Friday, November 6, 2009

The Meeting

(March, 2001) -- I'm about to meet the woman who might -- just might -- make me a mom.

The what-ifs drive me crazy. What if Crystal doesn’t like me? What if, like a bad blind date, we just don’t click? What if I say something stupid? What if we find out new -- and negative -- information about her pregnancy? I've gone into a mental tailspin.

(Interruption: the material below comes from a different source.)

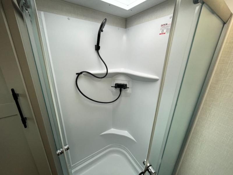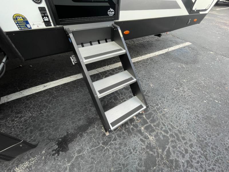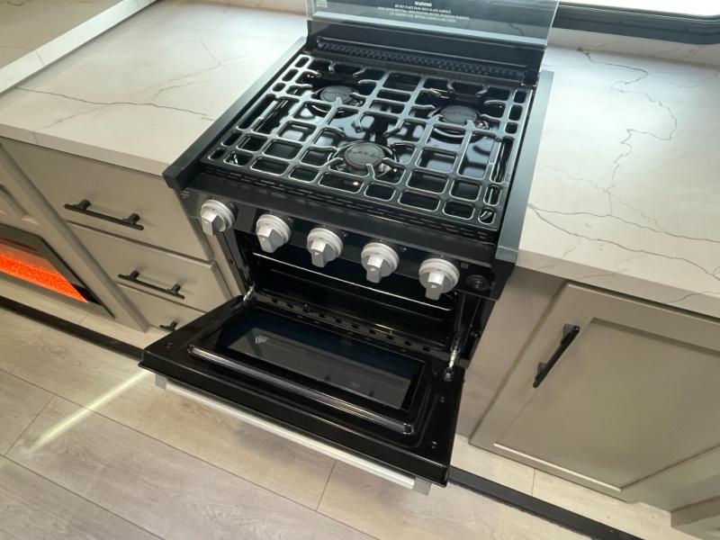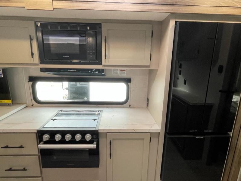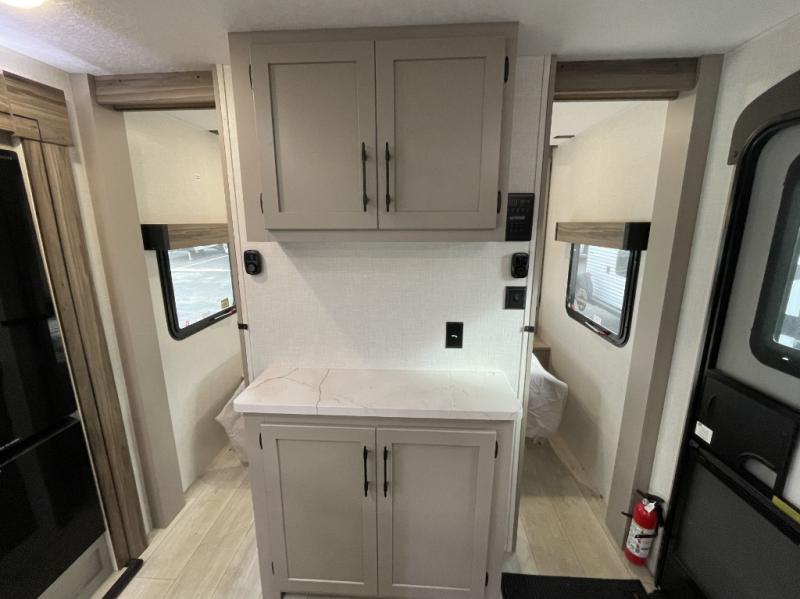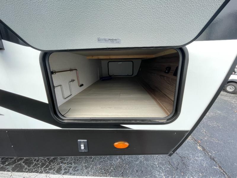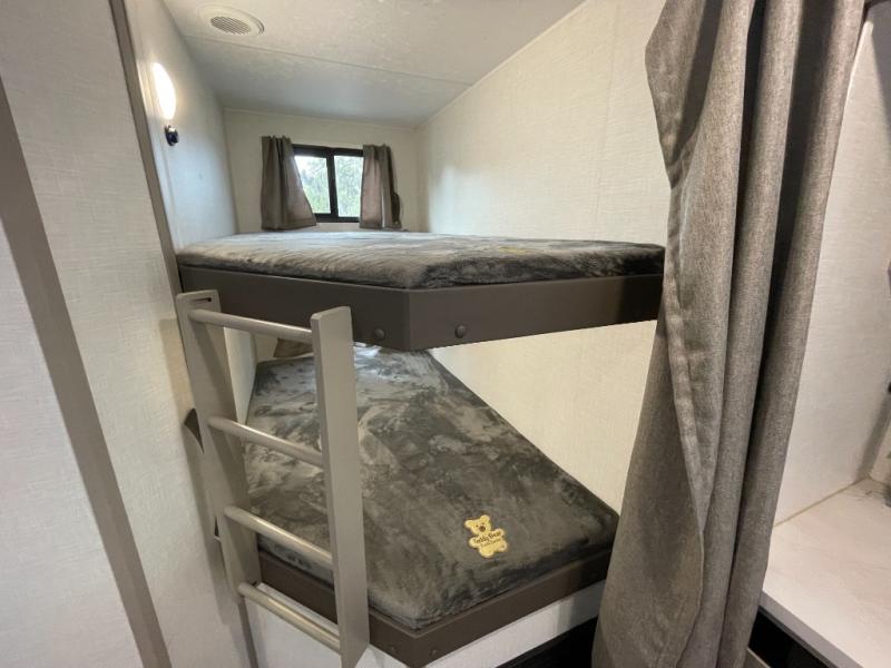 You'll love how spacious this travel trailer is thanks to the dual opposing slides in the combined kitchen and living area. You'll also find theater seating here across from the fireplace and LED TV to make it a movie night. The kids or your guests can sleep on the rear corner double-size bunks, and there is a trunk door under the bunks for easy storage. You'll find a king bed in the front private bedroom for a great night's rest, and the dual wardrobes will let you keep your room tidy. This unit also includes a kitchen island and a hutch for more counter and storage space; how convenient!
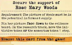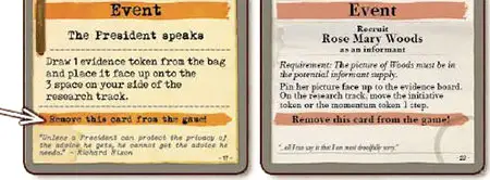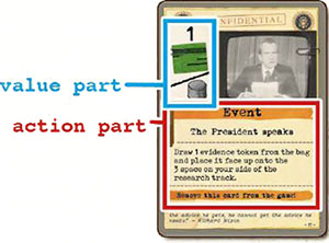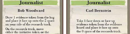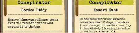 Nixon only: Draw 3 evidence tokens from the bag and ' look at them in secret. Then place them face down onto the 0 space of the research track.

Roger and I arrive at our meeting a few minutes early to get situated. I sit down and imagine how it will be to first lay eyes on Crystal. My nervous bladder cries for attention.

As I head toward the bathroom, I am in my head about exactly how I want our first impression to be. I walk through the small doorway from the counseling room to the hallway, and...squeezing past me is a young woman with a big belly and a big smile. Crystal. She says brightly, "hi!"

How can it be that she is putting me at ease?

Thisisn’thowIplannedit-SheIScute-Ilikeheralready-OhmygoshIaboutknockedherover-Ihavetopee-Whatdoesshethinkofme-Ohgodthisisn’thowIplannedit.

We giggle at the awkwardness, and she squinches up her face with dancing eyes, putting me at ease. I say “I’ll be right back,” and I continue on my mission. In the stall, I mumble a thank you prayer that I already like her.

I come back to the room and we do formal introductions. Crystal’s mom is with her. Her role seems to be part guardian angel, part Rottweiler.

Amy, Crystal's counselor, starts the meeting.

(This entry, and the next several posts, were edited and published in the May/June 2007 issue of Adoptive Families magazine.)